All health care services can be broken down into two major categories – preventive (or proactive) and reactive (or reactionary) care. Preventive health care stops conditions from occurring. Doctors give reactionary treatment in response to a visible symptom.
The medical industry has overwhelmingly skewed its research and product distribution efforts to reactive programs and medicines. However, there is evidence that preventive health treatments provide more benefits than any other type of treatment. Researchers around the world uphold the value of keeping people healthy rather than “curing disease.” Why aren’t there more of these kinds of health programs in the mainstream?
One reason is that most people do not understand the nature of this type of medicine. Many medical professionals and consumers function by the saying “If it ain’t broken, don’t fix it.” They overlook the health plans that could thwart chronic disease and help people maintain a productive lifestyle.
The numbers say it all – Americans spend over $3 trillion in reactive health care treatments, yet lag behind the world in life expectancy. Americans also experience higher rates of diabetes and infant mortality. The rest of the world is also improving at a rate faster than the United States.
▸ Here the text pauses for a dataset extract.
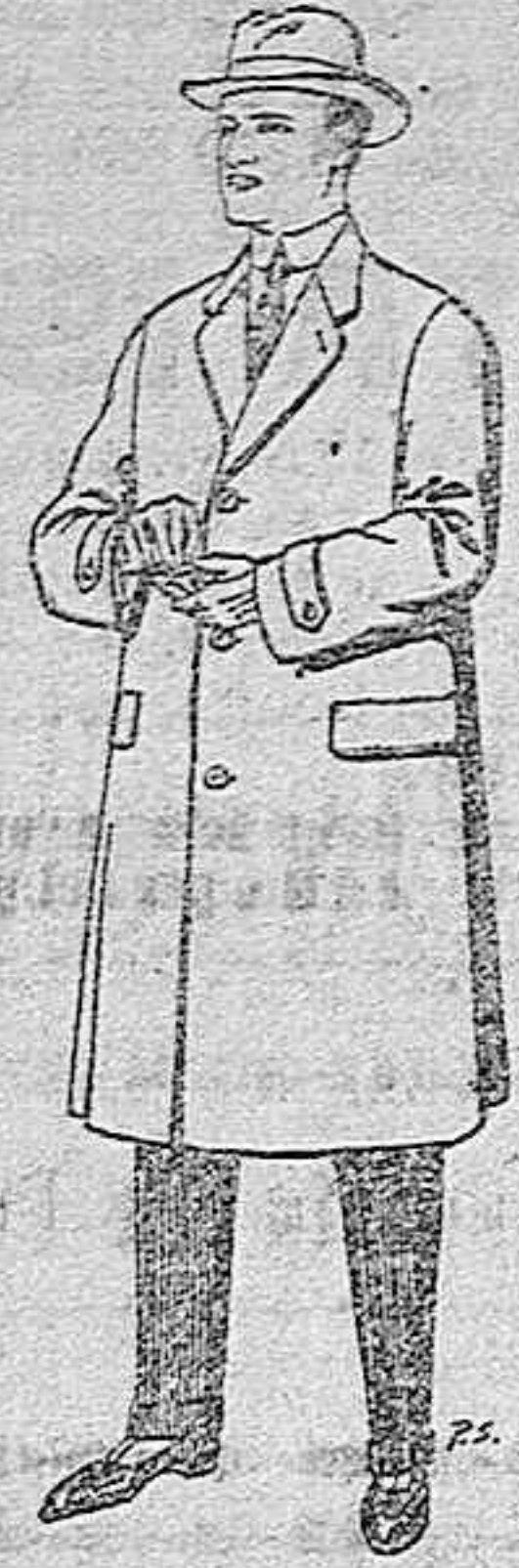
Gabanes de tejido de pluma o ratina. De pesetas 30 a 100.

Preventive health has a lower cost by an exponential magnitude. In the simplest case, a few dollars invested in a balanced vitamin intake can prevent many diseases, from flu to a heart attack. Taking this philosophy up the scale, we find that governments that put money into in preventive health care experience many positive side effects.
For instance, the United States spends the highest amount of money in the world on its health (17.1% of GDP in 2015 and rising). The overwhelming majority of this relief is reactive. As mentioned before, the United States is one of the most unhealthy first world countries in the world. Many researchers place the United States firmly in first place. Other nations compared to the US in studies from the Organization for Economic Cooperation and Development (OECD) fared much better with billions less spent.
Denmark, Switzerland, and France spend anywhere from one-half to one-third of healthcare monies that the US does. However, their citizens have better overall health. They have highly functional educational systems, social security programs for the elderly and they dole out less on their prison systems as well. It seems that keeping people healthy helps them to become smarter, more independent in old age, and less likely to lash out at society. Specialists argue that large health care companies in the United States do not take this research into account.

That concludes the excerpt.